February 28, 2014, 10:19		#13
ghobold New Member Gustavo Join Date: Jun 2013 Posts: 26 Rep Power: 13	Reference area means the area from which adimensional quantities will be calculated from. Drag coefficient, for example, is defined by $C_D = \frac{F_D}{\frac{1}{2}\rho U^2 A}$ where $\rho$ is the refence density, is the reference velocity and is the reference area. For cylinders, you will find out that most available data use the projected area instead of the total area of the cylinder when calculating the drag coefficient. Still, you have to check the data to see how they use their reference values if you want to do a valuable comparison, so you can use the same references in yours.

March 1, 2014, 05:47		#14
Far Senior Member Sijal Join Date: Mar 2009 Location: Islamabad Posts: 4,558 Blog Entries: 6 Rep Power: 54	Please have a look at the thread located here : http://www.cfd-online.com/Forums/ans...linders-3.html

March 13, 2014, 12:36		#15
anuprdk New Member anup radhakrishnan Join Date: Jan 2014 Posts: 24 Rep Power: 12	Hi, Thank you for all the advice. I am getting the Street and the expected Drag coefficient. But what I do not understand is the flow time. For a Re=1500 (v=0.01 m/s) the time step is 1.875 and I need to run the simulation for 1000 time steps. For Re=150 (v=0.001 m/s) I chose a time step of 1.933 and had to run the same for around 5000 time steps to see some shedding. What exactly is the concept of time steps? Does it have any relation to the time taken for the flow commencing from inlet to reach the outlet?

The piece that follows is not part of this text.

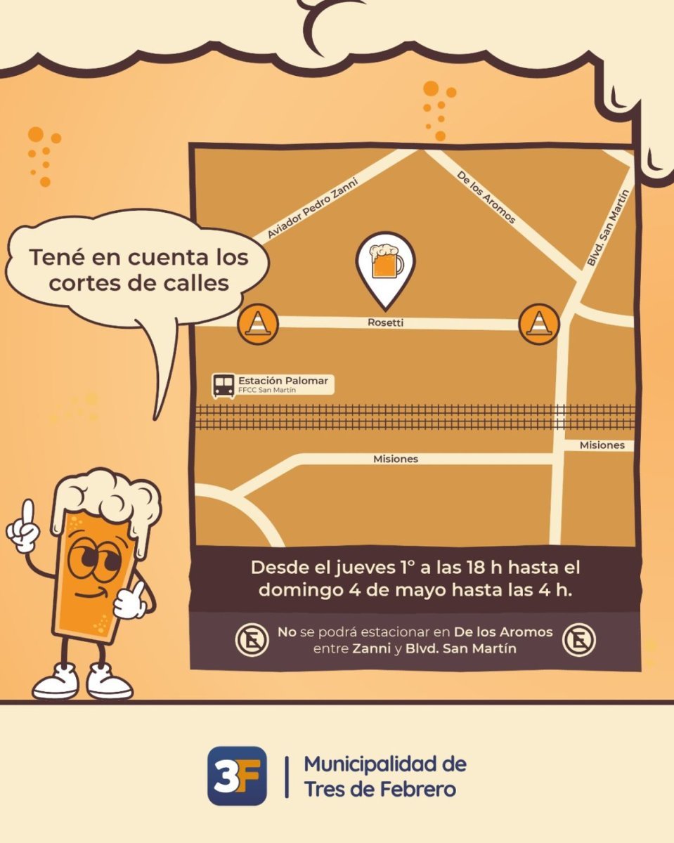La cita será este viernes 2 y sábado 3 de mayo de 12:00 a 01:00 horas en Rosetti y Blvd. San Martín, y desde el Municipio invitaron "a disfrutar de las mejores fábricas cerveceras de Tres de Febrero, foodtrucks y shows en vivo".

April 13, 2014, 00:31		#17
kaabya New Member bassem Join Date: Apr 2014 Posts: 6 Rep Power: 12	Hey, It is an interseting discussion about the reference values. I have the same problem but with a more complicated geometry of a parabolic trough. Even I fixed my area to the frontal area of my system, I found a strange results for drag coefficient? If there is any relation with the Reynolds number and the time of simulation ? How Can I control those parameter? For first time I simulated a laminar steady flow. Thank you

September 26, 2014, 10:53		#19
flotus1 Super Moderator Alex Join Date: Jun 2012 Location: Germany Posts: 3,427 Rep Power: 49	Did you read, understand and follow the advice given here carefully? If so, give more information about what you did so far and the simulation parameters you used.